The function $t(y)$ is rather ugly and moreover have to be inverted in order to obtain $y(t)$. This is far to be the simplest way.

As a matter of fact, the ODE : $$(y')^2=\frac23 y^3+c_1$$ is a case of Weierstrass equation, which solutions are the Weierstrass functions $\wp$. http://mathworld.wolfram.com/WeierstrassEllipticFunction.html

The general form of Weierstass equation is : $$(\wp'(x))^2=4(\wp(x))^3-g_2\wp(x)-g_3$$ In the present case, with $\quad y=\sqrt[3]6\:\wp \quad\;\quad x=\frac{t}{\sqrt[3]6}\quad\;\quad g_2=0\quad\;\quad g_3=-c_1 \quad$ , leading to : $$y(t)=\sqrt[3]6\: \wp\left(\frac{t+C_2}{\sqrt[3]6} \:;\: 0 \:,\:C_1\right)$$ where $C_1$ and $C_2$ are arbitrary constant.

Answer 2

HINT. $$2y'y''=2y'y^2$$ $$(y')^2=\frac23(y^3)'$$ now let $y^3=z$.

Answer 3

Write

$$y'y''=y^2y'$$ and integrate:

$$\frac{y'^2}2=\frac{y^3}3+C,$$ which is separable.
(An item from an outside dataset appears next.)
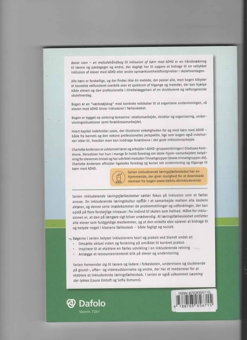 Lige nu kan du købe "Bevar roen. en metodehåndbog til inklusion af børn med ADHD" af Charlotte Andersen til kun 90,00 kr. Bogen du ser her er brugt, og i perfekt stand. Vi har i øjeblikket kun et enkelt eksemplar til salg af "Bevar roen. en metodehåndbog til inklusion af børn med ADHD", så slå til mens du kan!
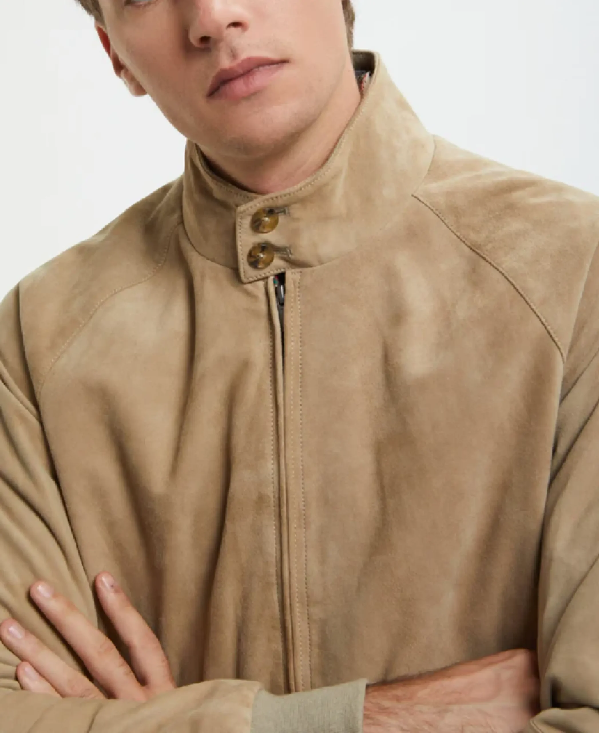 The G9 Beige Suede Jacket is made from premium suede leather that offers a soft and rich texture, complemented by a comfortable viscose lining for easy all-day wear. It features an erect collar that gives it a sharp, structured look, along with a sturdy zipped front closure for a secure fit. The full length sleeves are finished with ribbed cuffs that provide a snug feel and help maintain the jacket’s shape. Two side pockets add practical space for carrying everyday essentials while keeping the design neat and balanced. Finished in a refined beige shade, this jacket brings a fresh and confident touch to casual and semi-casual outfits.

Then

$$\frac{y'}{\sqrt{y^3+C}}=\pm\sqrt{\frac23}.$$

Now, unless $C=0$, the left integral is terrible.

Answer 4

Hint

Use $p=\frac {dy}{dx}$ and $p'=\frac {dp}{dy}$ for this kind of ode...

Then solve $$pp'=y^2$$ $$\int pdp=\int y^2dy$$ Or just consider: $$\frac {dy'}{dx}=y^2$$ $$\frac {dy'}{dx}\frac {dy}{dy}=y^2$$ $$\int y' {dy'}=\int y^2dy=\frac {y^3} 3+K$$

Answer 5

Another hint could be:

$y''=y^2$

assume exists (at least one) solution $y$ and then set $y=z+bx+c$ since $bx+c$ dies with double differentiation $$z''=(z+bx+c)^2 \\z''= z^2+2z(bx+c)+(bx+c)^2$$

Now the $z''=z^2$ we recognize but what about the rest?

Answer 6

We must solve $y'' = y^2$. Assuming the independent variable is $x$, let us write this as:

$\frac{d^2y}{dx^2} = y^2$. Then, using the chain rule, we can write the left hand side as:

$\frac{d^2y}{dx^2} = \frac{d}{dx} \left(\frac{dy}{dx}\right) = \frac{d}{dy} \left(\frac{dy}{dx}\right) \frac{dy}{dx}$.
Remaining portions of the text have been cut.